"Merry Christmas" were the last words I heard my dear old Dad say...
It is bitter sweet really. On the one hand, the fact that he struggled from death's tight grip, clawing at tubes and mustering some last threads of strength and will to force himself to sit up and swing his legs over the edge of the bed and stand - yes stand for a last time, that was very impressive and a testimony to his strength and grace. He stood there sort of blinking and looking about the darkened hospital room staring, I think, into a host of faces he must of summoned in his mind, but then slowly looking intently to either side of him... into the face of Becky and myself who were supporting him as he tottered on his feet. He looked at us then he stammered out a sweet simple holiday greeting. He was so earnest.
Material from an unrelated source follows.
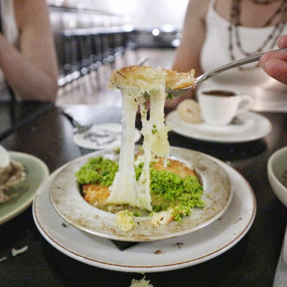 A dinner party cannot end without a sweet note. A selection of desserts was served, along with strong Turkish coffee and Turkish delights. Apart from spending a good amount of time trying to decrypt our futures from the sludge of coffee grinds at the bottom of our cups, we took care to enjoy the traditional desserts. The kunefe definitely had substantial wow-factor with its crispy, golden yellow Kadoyif pastry and its incredible white cheese strings, temporarily silencing our worries for our hips. The Sambali was a chunk of fluffy semolina cake, served with mastic (a fragrant plant resin used in Turkish desserts) ice cream, reminiscent of the lunchtime sponge cakes from my school days. The Armut Pismaniye comprised of half a poached pear balanced on top of a perfect sphere of ice cream, with a cloud of cotton candy and a generous handful of walnuts.

Then seeming much more at peace he relaxed as we settled him back onto his bed. That was about 11:50 Christmas Eve night. I think in his mind he had somehow made it to Christmas. He lay there for another 8 hours or so - his breathing slowing and the strong grip of his hands slowly relaxing until Christmas morning he finally let go of my hand. So on the other hand, well... Christmas will forever mean saying goodbye to a man I never said enough hellos to and who left far sooner than I ever expected.
Merry Christmas Dad
Rest in Peace
Rob
1 comment:
:) thank you for writing this out....it is quite bittersweet...but it's starting to finally become more sweet.
It was you and I, though (oldest & youngest) that helped him stand and walk. I love that we could be there for him in that simple way...but it seemed to mean so much to him, and us.